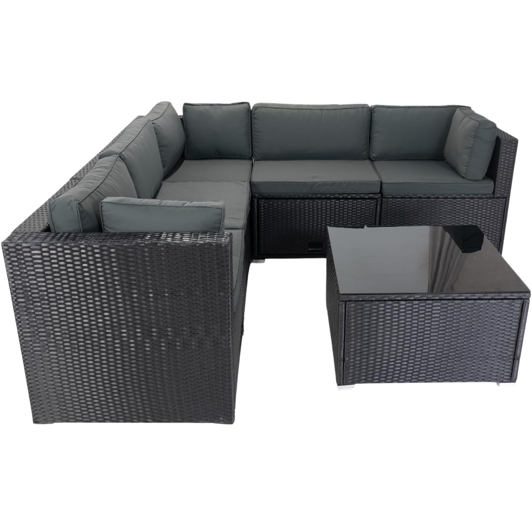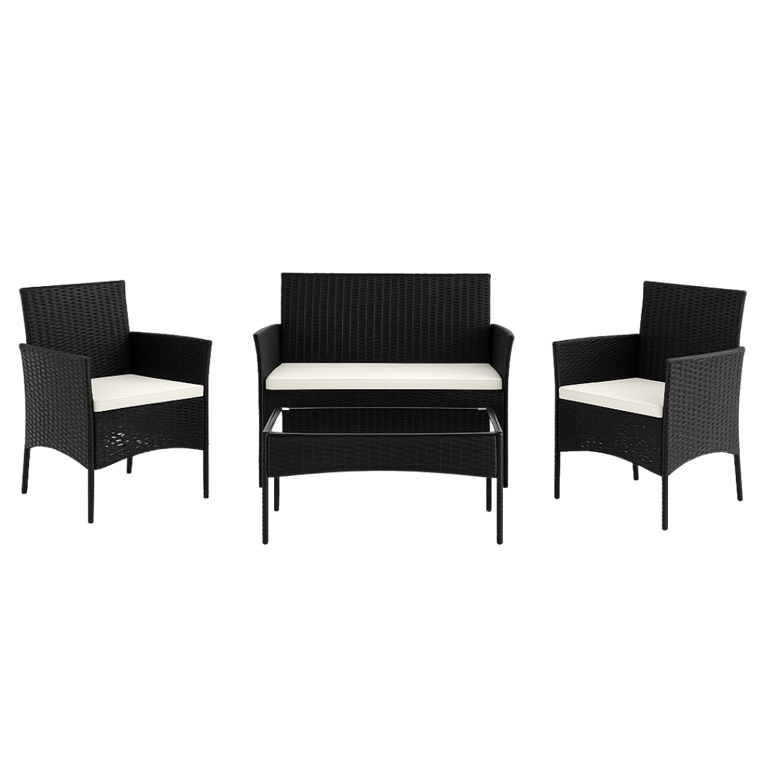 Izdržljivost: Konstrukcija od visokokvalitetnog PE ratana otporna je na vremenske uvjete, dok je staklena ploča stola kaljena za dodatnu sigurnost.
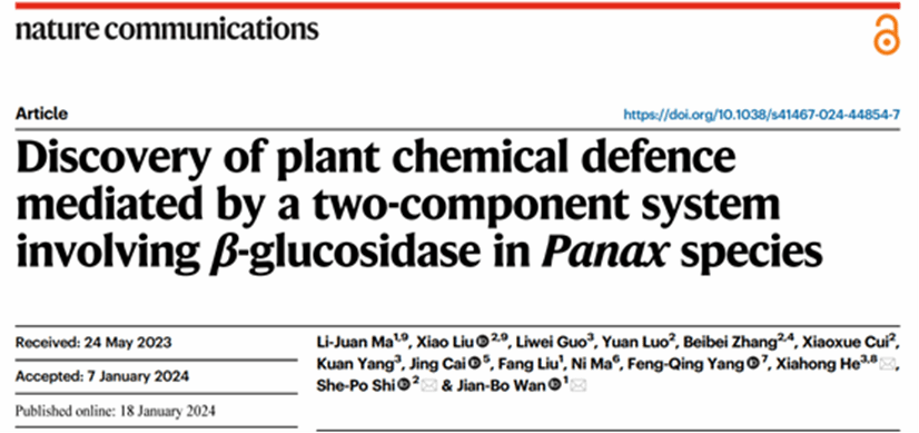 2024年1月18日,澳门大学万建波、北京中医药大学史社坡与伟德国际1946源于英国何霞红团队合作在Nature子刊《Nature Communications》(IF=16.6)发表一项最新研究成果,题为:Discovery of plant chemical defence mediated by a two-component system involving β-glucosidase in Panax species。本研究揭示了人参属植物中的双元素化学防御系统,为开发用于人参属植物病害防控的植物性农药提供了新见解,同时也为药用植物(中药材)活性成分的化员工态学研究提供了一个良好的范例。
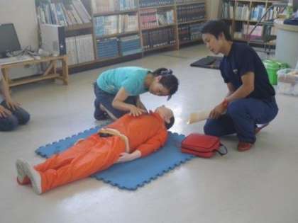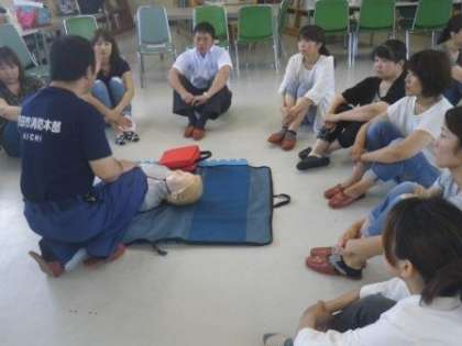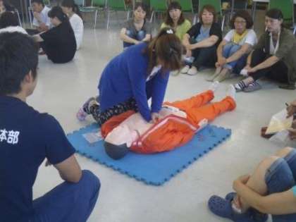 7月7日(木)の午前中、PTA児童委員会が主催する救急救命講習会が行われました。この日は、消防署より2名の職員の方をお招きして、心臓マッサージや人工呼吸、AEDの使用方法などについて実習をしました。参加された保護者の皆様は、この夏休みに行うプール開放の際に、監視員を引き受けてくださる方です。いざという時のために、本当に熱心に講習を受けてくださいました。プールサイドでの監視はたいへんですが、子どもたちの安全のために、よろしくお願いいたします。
_ _ _
*WORK TO COMPLETE*:
Repeat only the lines between the start of the data and the line with "Communications》(IF=16.6)发表一项最新研究成果,题为:Discovery of plant", including those two lines, and skip the pictures.

*OUTPUT*:
 Izdržljivost: Konstrukcija od visokokvalitetnog PE ratana otporna je na vremenske uvjete, dok je staklena ploča stola kaljena za dodatnu sigurnost.
 2024年1月18日,澳门大学万建波、北京中医药大学史社坡与伟德国际1946源于英国何霞红团队合作在Nature子刊《Nature Communications》(IF=16.6)发表一项最新研究成果,题为:Discovery of plant chemical defence mediated by a two-component system involving β-glucosidase in Panax species。本研究揭示了人参属植物中的双元素化学防御系统,为开发用于人参属植物病害防控的植物性农药提供了新见解,同时也为药用植物(中药材)活性成分的化员工态学研究提供了一个良好的范例。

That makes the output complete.